## [Task to carry out]
Your copy should run exactly from the line containing "标志性的佩斯利花纹连衣裙,搭" to the last line of the entries below, and it should include no pictures.

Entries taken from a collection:
◆ ◆ ◆ ◆ ◆ ◆ ◆

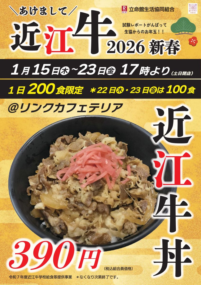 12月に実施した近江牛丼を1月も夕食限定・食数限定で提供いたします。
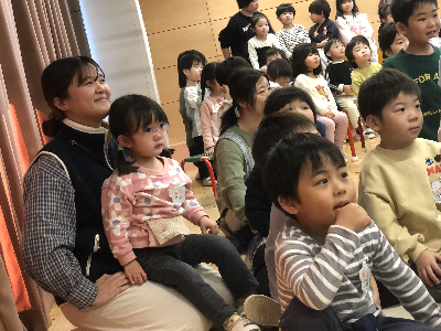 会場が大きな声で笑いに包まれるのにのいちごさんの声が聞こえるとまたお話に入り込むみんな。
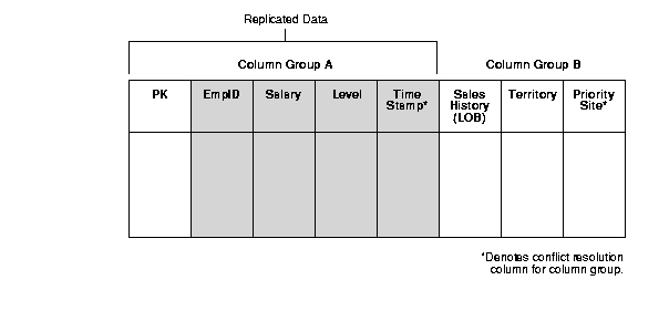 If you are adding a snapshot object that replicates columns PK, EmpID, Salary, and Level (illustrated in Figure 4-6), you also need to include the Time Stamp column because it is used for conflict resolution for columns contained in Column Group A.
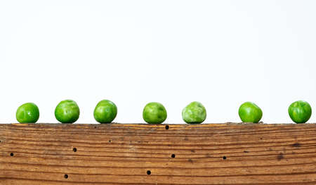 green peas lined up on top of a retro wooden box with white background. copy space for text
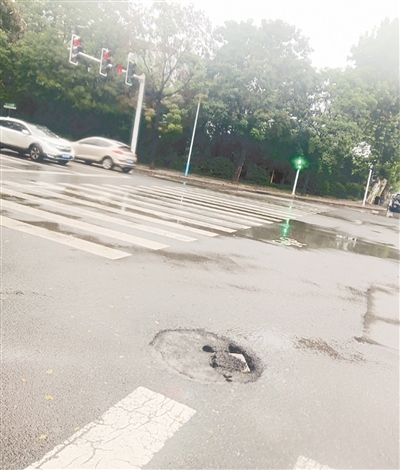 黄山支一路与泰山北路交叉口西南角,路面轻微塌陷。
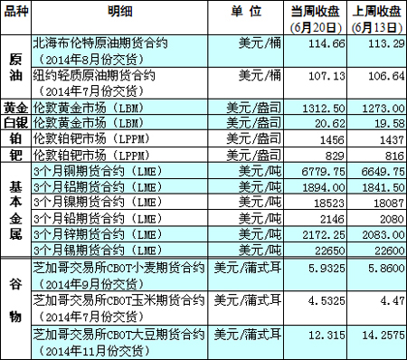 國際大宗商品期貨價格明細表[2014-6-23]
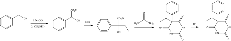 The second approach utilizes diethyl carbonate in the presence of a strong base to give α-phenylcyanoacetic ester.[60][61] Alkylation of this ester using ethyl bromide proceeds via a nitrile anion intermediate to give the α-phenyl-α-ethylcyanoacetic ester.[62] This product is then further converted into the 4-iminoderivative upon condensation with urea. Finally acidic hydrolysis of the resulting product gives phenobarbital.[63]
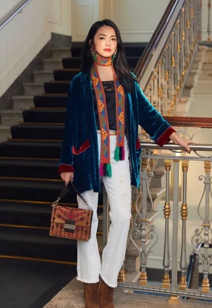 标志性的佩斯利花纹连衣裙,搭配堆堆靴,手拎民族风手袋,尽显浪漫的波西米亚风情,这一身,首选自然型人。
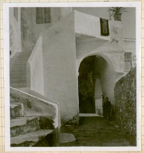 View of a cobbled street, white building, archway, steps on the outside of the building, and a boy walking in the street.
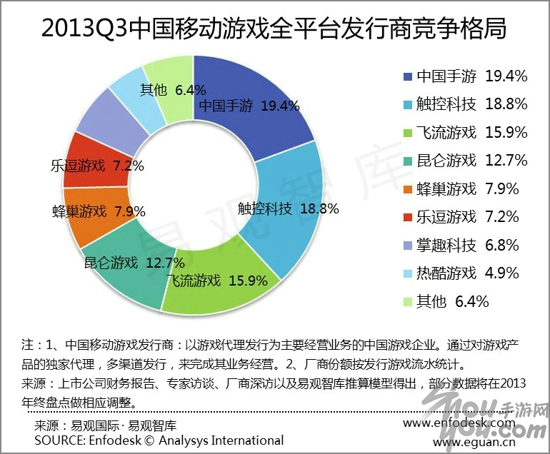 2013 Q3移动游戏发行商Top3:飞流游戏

◆ ◆ ◆ ◆ ◆ ◆ ◆

## [Result for this exercise]
 标志性的佩斯利花纹连衣裙,搭配堆堆靴,手拎民族风手袋,尽显浪漫的波西米亚风情,这一身,首选自然型人。
 View of a cobbled street, white building, archway, steps on the outside of the building, and a boy walking in the street.
 2013 Q3移动游戏发行商Top3:飞流游戏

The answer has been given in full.